Crisis-hit Eurozone economies set to fall even further behind
EUROPE’S troubled economies are falling further and further behind those in the rest of the continent and the world, two reports showed yesterday, suggesting the pain of the Eurozone crisis will not be over any time soon.
The OECD’s leading index showed the German and British economies at a turning point, and likely to gather steam over the coming six months, while the US and Japan are showing stronger positive signals.
The composite leading index (CLI) for the OECD as a whole rose to 100.5 in March, from 100.4 in February and above the long-term average of 100.
Emerging markets have a healthy and recovering outlook, with China’s CLI rising from 100.3 to 100.4, India’s from 98.7 to 98.9, and Brazil’s from 98.4 to 98.7.
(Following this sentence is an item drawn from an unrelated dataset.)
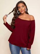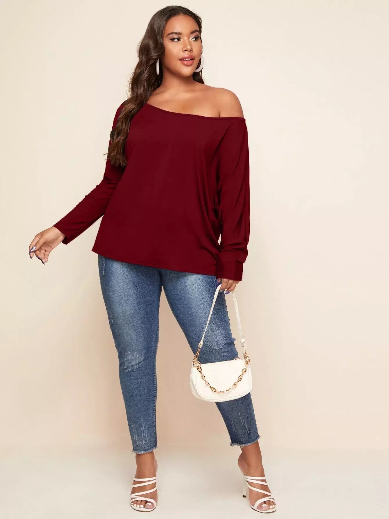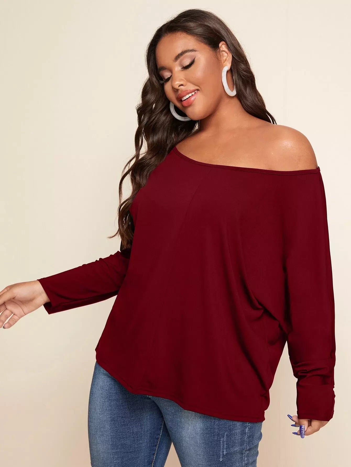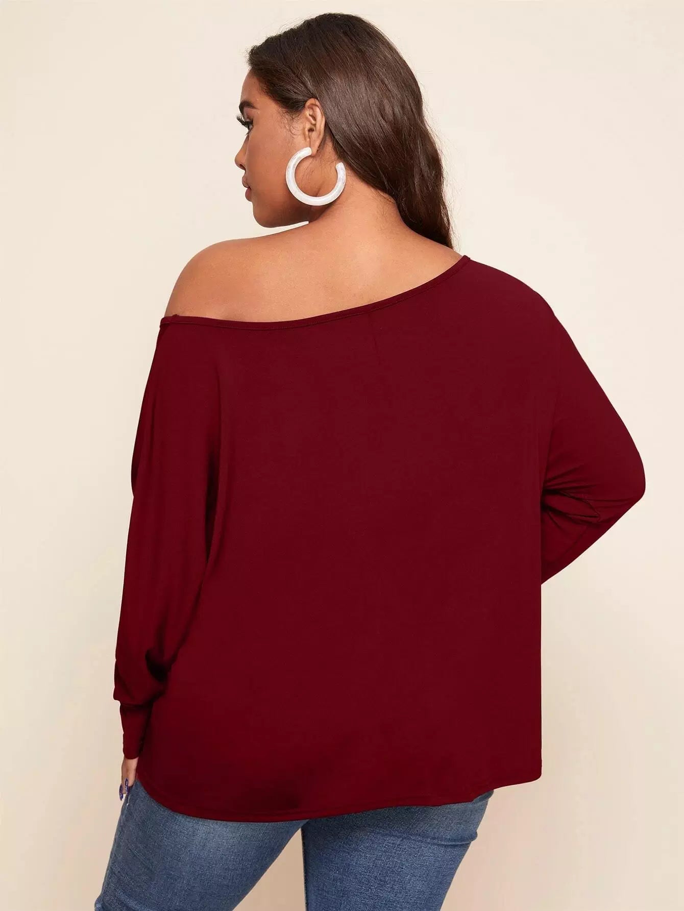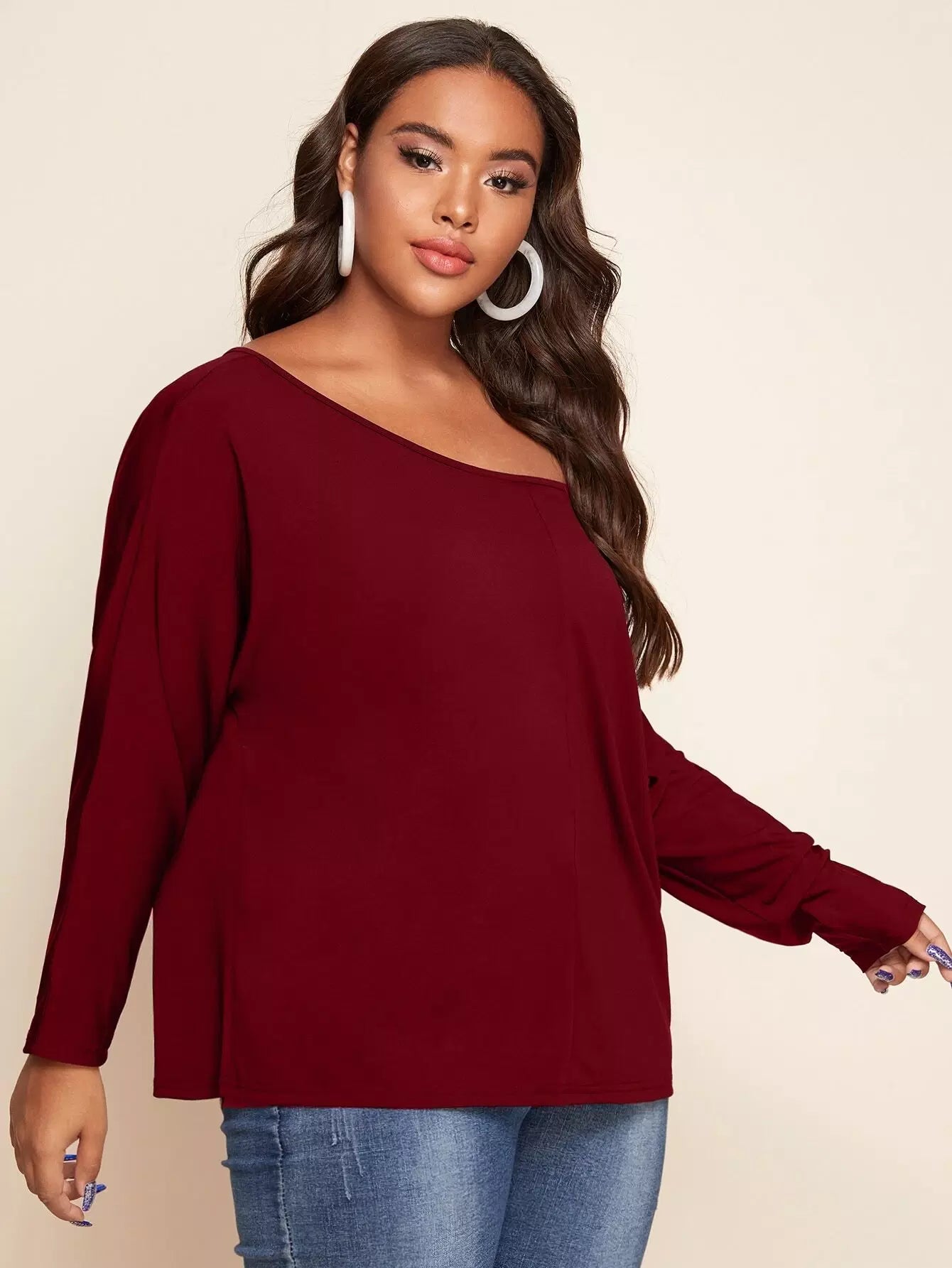 نحيف - مقاس كبير تي شيرت سادة برقبة غير متماثلة

However France and Italy saw their CLIs moving in the opposite direction, falling from 99.7 to 99.6 and from 99.3 to 99.2 respectively, adding to worries of a further slowdown.
The Ifo and World Economic Survey (WES) Eurozone business climate indicator improved from 84.8 in the first quarter to 100.3 in the second, but remains well below the 118.9 seen a year ago.
The expectations index also improved from 70.5 to 91.8, but again is down on last year’s 95.1.
The index also showed stark divisions between economies within the currency area.
“In Germany and Estonia the current situation remains good, while in Finland it is deemed satisfactory,” read the report.
“No positive developments were reported in Greece, Portugal, Italy, Spain or Cyprus. WES experts give the current economic situation in these countries the worst appraisals on the WES scale and expect a recession in 2012.”
“Public deficits continue to create major problems in the entire euro area, as well as high unemployment in the euro crisis countries, according to the economic experts surveyed,” the report concluded.